REGINA – When Luc LeBlanc saw his hometown appear in a news headline, he wasn’t prepared for what he read.
“It was stunning really. I was frozen in my tracks. The first thing (I did) was call my mom and dad, sister, grandparents,” said the former Moncton, New Brunswick resident.
With three Mounties dead, two more wounded and family and friends locked in their homes, the crisis kept Leblanc glued to his computer screen.
“It’s tough. On one hand you want to be with your friends and family and know and see that they are fine, when they tell you they are fine,” he explained. “But at the same time, I have three little kids of my own so I think I’d rather have them here then at home in Moncton.”

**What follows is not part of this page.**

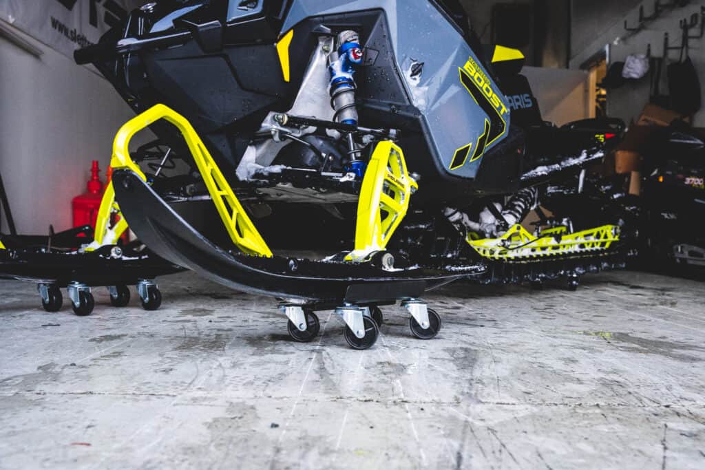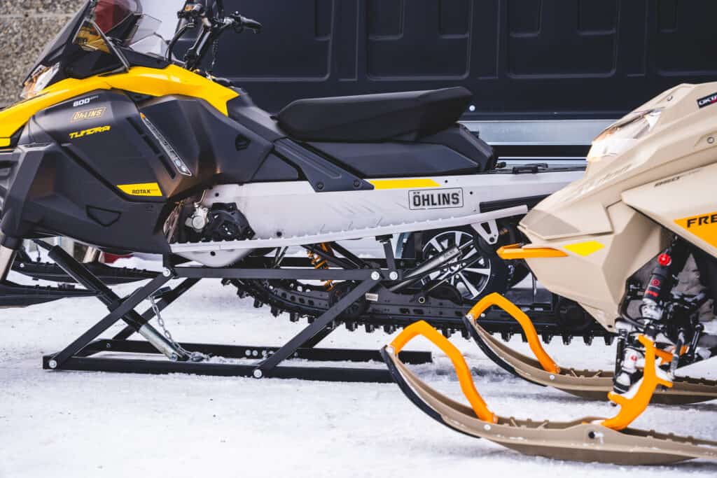Byte av styrstål, drivmatta eller drivhjul kan vara lite omständigt, men ibland ett måste. Därför rekommenderar vi Proworks snöskoterlyft för att förenkla det hela. Okomplicerat vevar man upp skotern så både

It is an especially trying time at Depot Division, where all RCMP personnel pass through for training in the infancy of their careers.
Cadets and members paid their respects Thursday in one form of another, including many wearing memorial ribbons.
A moment of silence was also held during the Depot Division’s Sergeant Major’s Parade.
Premier Brad Wall requested that all provincial buildings lower their flags to half mast until sunset on the day of the three officers’ funeral or memorial services.
“There’s a special connection between Saskatchewan people and Mounties all over this country and wherever they are, because we know they spent a pretty important time here while going through training,” Walls added.
Though these signs of support are subtle, they resonate for everyone left copying in wake of a tragedy.
“The people in Moncton are strong and resilient, so I think they’ll bounce back just fine. But for now I can just imagine being in the heart of it, they’re stunned,” LeBlanc said.